Exercise description:
Only the lines below, from the one with "Noelle | Vintage" through the one with "この日の寝床です。パッキング", are to be written out, exactly.

── Input for this task ──

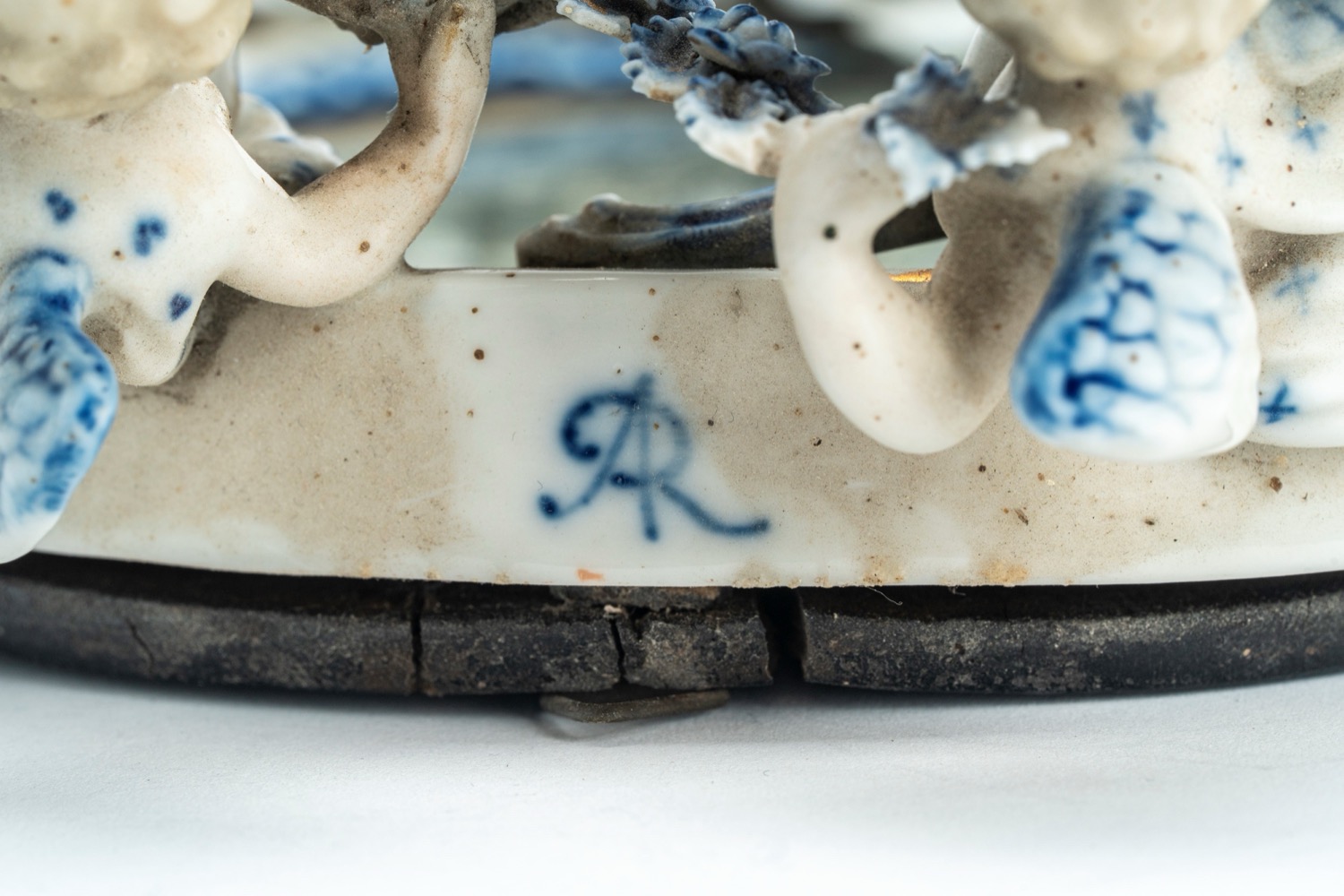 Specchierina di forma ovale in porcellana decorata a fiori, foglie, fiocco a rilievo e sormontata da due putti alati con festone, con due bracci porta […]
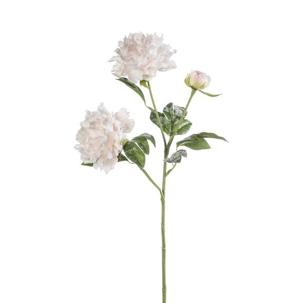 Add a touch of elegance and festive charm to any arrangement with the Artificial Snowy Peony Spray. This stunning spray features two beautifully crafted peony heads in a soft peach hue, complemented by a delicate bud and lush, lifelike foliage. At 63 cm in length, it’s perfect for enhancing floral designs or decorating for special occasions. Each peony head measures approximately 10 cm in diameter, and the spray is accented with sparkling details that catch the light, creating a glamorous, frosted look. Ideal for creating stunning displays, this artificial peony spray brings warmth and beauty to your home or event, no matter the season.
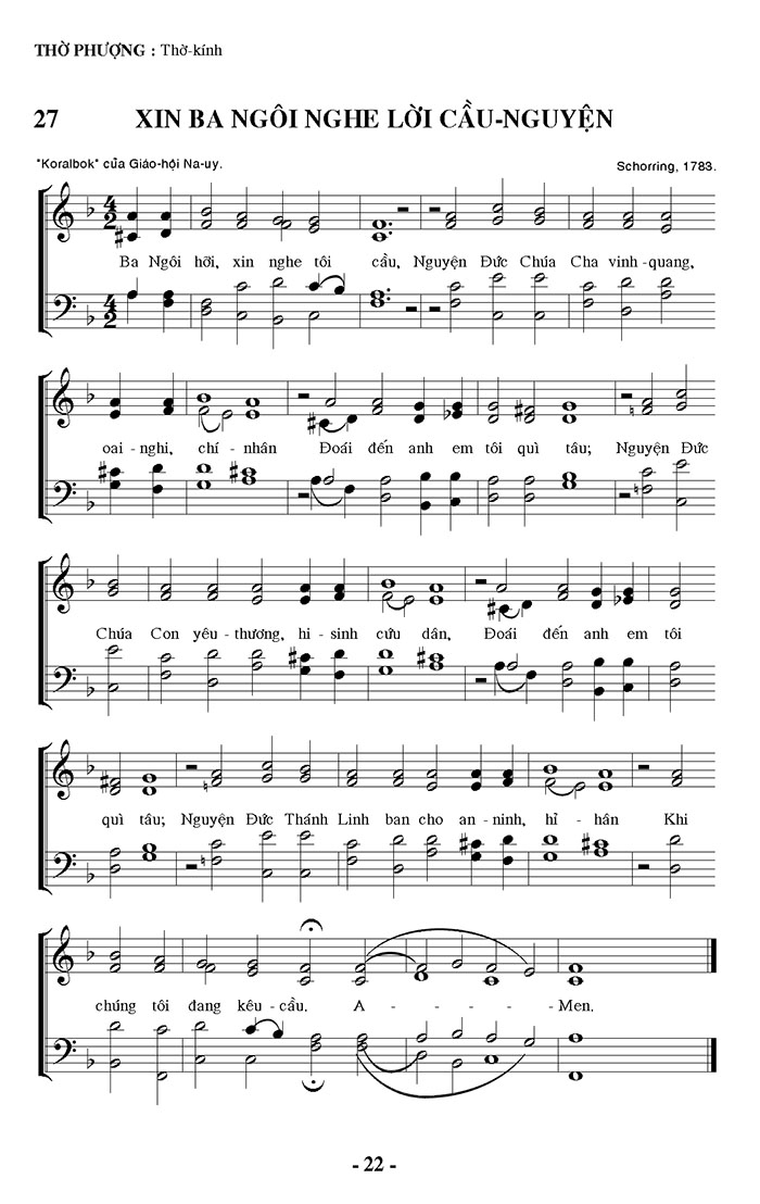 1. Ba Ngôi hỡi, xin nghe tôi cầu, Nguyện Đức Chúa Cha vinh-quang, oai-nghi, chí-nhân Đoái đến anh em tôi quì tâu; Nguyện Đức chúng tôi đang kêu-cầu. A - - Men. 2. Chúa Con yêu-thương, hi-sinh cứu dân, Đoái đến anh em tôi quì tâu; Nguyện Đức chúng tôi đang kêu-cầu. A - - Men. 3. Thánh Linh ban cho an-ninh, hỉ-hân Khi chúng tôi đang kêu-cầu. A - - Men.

───
── Input for this task ──

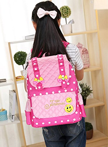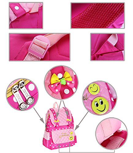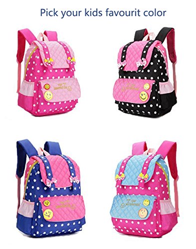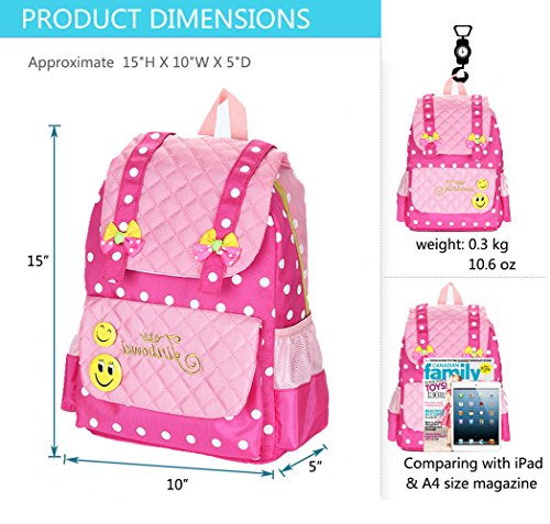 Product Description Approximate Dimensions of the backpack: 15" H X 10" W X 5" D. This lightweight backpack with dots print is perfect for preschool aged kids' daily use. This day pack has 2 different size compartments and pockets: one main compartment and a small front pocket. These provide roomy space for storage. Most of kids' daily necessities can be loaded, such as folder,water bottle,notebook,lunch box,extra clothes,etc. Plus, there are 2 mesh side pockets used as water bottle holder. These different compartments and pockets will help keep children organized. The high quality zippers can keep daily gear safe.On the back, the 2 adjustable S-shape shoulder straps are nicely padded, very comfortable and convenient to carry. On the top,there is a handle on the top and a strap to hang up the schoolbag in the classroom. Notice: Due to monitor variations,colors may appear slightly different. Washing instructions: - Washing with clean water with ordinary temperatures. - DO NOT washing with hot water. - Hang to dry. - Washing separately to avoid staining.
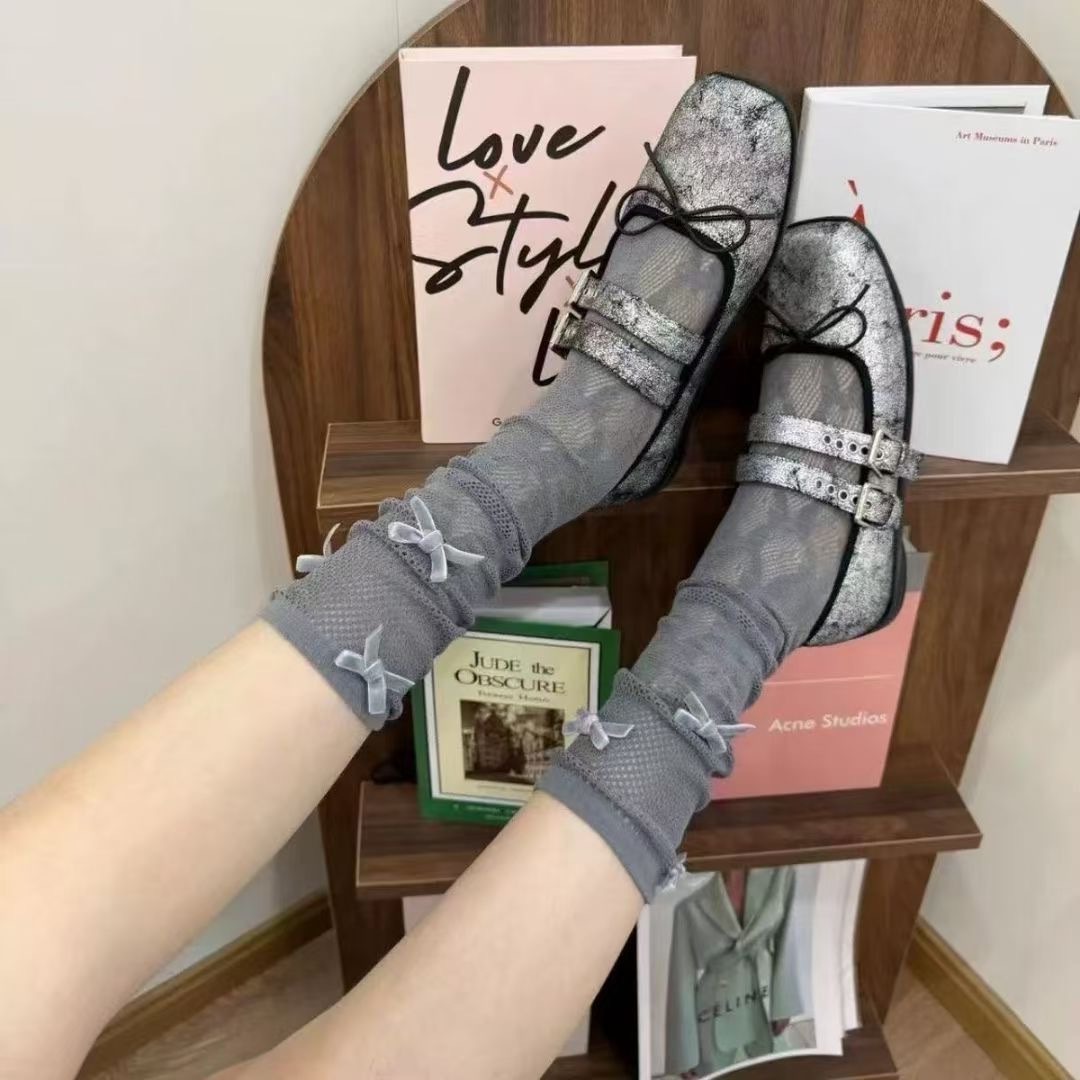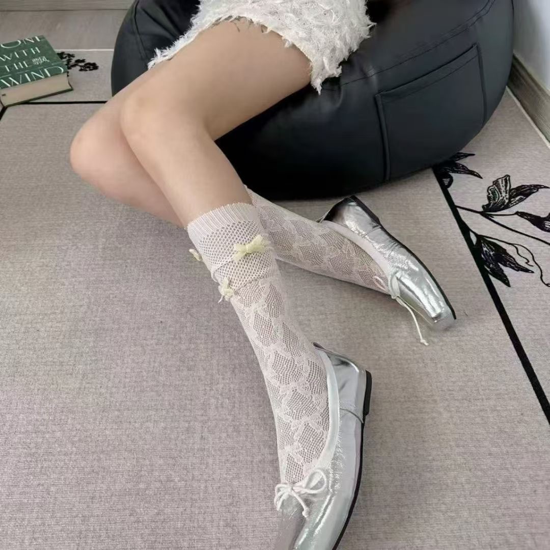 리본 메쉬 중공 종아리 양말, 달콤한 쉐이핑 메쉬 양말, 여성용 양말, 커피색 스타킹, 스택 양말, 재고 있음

───
── Input for this task ──

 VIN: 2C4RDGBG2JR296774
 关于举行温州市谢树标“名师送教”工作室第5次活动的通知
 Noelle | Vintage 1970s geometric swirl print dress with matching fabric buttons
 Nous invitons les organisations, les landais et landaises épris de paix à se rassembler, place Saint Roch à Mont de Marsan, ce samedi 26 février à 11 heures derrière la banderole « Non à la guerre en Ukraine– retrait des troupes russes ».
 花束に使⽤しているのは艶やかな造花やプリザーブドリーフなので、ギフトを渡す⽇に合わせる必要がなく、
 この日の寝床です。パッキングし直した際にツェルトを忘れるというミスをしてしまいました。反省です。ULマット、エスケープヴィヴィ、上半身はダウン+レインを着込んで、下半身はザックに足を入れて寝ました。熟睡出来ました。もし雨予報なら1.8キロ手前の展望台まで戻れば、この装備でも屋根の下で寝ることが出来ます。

───

Task result:
 Noelle | Vintage 1970s geometric swirl print dress with matching fabric buttons
 Nous invitons les organisations, les landais et landaises épris de paix à se rassembler, place Saint Roch à Mont de Marsan, ce samedi 26 février à 11 heures derrière la banderole « Non à la guerre en Ukraine– retrait des troupes russes ».
 花束に使⽤しているのは艶やかな造花やプリザーブドリーフなので、ギフトを渡す⽇に合わせる必要がなく、
 この日の寝床です。パッキングし直した際にツェルトを忘れるというミスをしてしまいました。反省です。ULマット、エスケープヴィヴィ、上半身はダウン+レインを着込んで、下半身はザックに足を入れて寝ました。熟睡出来ました。もし雨予報なら1.8キロ手前の展望台まで戻れば、この装備でも屋根の下で寝ることが出来ます。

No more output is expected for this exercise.